Let me give an example of what we mean by "filetype". In addition to raw
audio data (individual sample values), audio file types also contain control
data. For example, a file can contain an edit decision list with timecode
and crossfade information, as well as some processing data (e.g.
equalization). Many such types use an introductory header that contains
information such as sample rate, bitdepth, number of channels, compression,
etc. Mac files, for instance, use a two-part structure with a data fork and
a resource fork. Audio can be stored in either mode. The raw type that you
asked about, contains only audio data - no header. It is a very popular
format among audio engineers and speech scientist. Header information must
be stored in a separate metadata file.

What we mean by "fileformat" is the possible ways in which a particular file
type can be encoded.

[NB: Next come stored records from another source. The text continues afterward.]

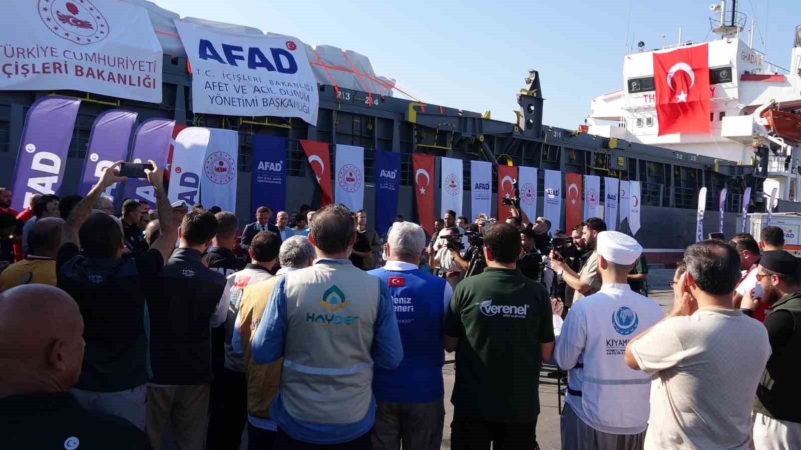 Konuşmaların ardından yardım gemisi, yapılan dualar eşliğinde Somali’ye gitmek üzere Mersin Limanı’ndan hareket etti.
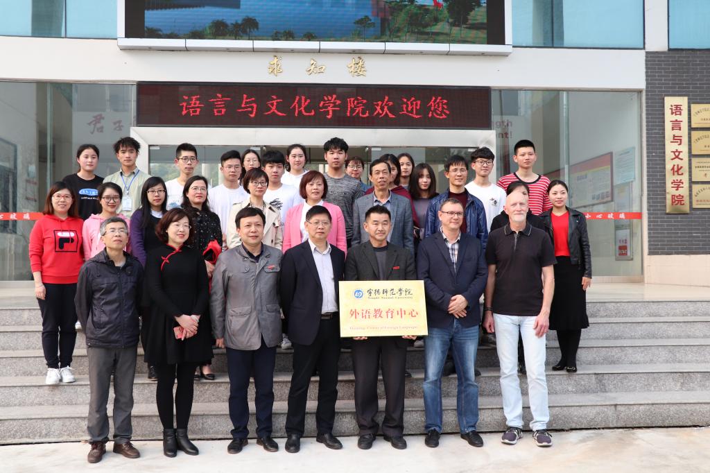 为推进永利官网外语教学人才培养和更好服务社会,3月21日下午,语言与文化学院外语教育中心正式成立。副校长谢向东、颜桂炀参加授牌仪式。外语教育中心面向全校师生提供德语、日语、英语三门课程教学,下一步将开放韩语课程,为永利官网师生提供一个优质的外语学习平台。3月21日晚上,首个德语培训班正式开班,首批招收学员30名,来自德国的外教马丁担任任课教师。
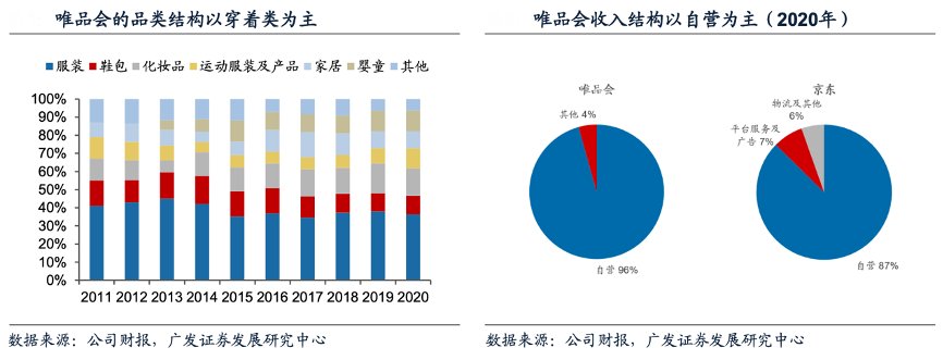 經(jīng)典案例:根據(jù)公司財報、廣發(fā)證券發(fā)展研究中心等綜合資訊表明,唯品會于2008年8月成立,同年12月旗下網(wǎng)站上線,率先在中國開啟“品牌折扣+限時搶購+正品保障”的品牌特賣模式。2020年,唯品會穿著類產(chǎn)品占比約58%(服裝36%+ 鞋包10%+運動類11%),由女性用戶消費場景延伸,化妝品(15%)、嬰童(12%) 家居(9%)也已成為重要銷售品類。唯品會自營進銷為主,2020年自營收入占比95.7%。

For example the AIFF type supports many formats of
compressed and uncompressed data, e.g., the AIFF-C file format is a version
of AIFF that allows for compressed data. Several different types of
compression can be used including MACE, and u-law. The WAV file type, is
very similar, as it can contain comprise different formats. For instance, a
WAV file can contain data encoded as PCM, MPEG-3, or ATRAC (minidisk
compression).

Our intention was to separate type from format in a simple, generalized way,
without having to break the distinctions down into attributes such as byte
order, header size, etc. This detailed information can be usually inferred
from the basic type/format relationship. We thought we would limit the
possible type/format pairs with controlled vocabulary.

This type/format distinction also accounts for the problem with codecs that
you mentioned. The codec is, in fact, a characteristic of file format. Your
QuickTime is a good example. We could have "QuickTime" as the file type, and
"Qualcomm PureVoice" as file format. This is NOT the finest grain
classification, but we believe it is sufficient.

Hope this helps!
(MSU group:Bartek Plichta)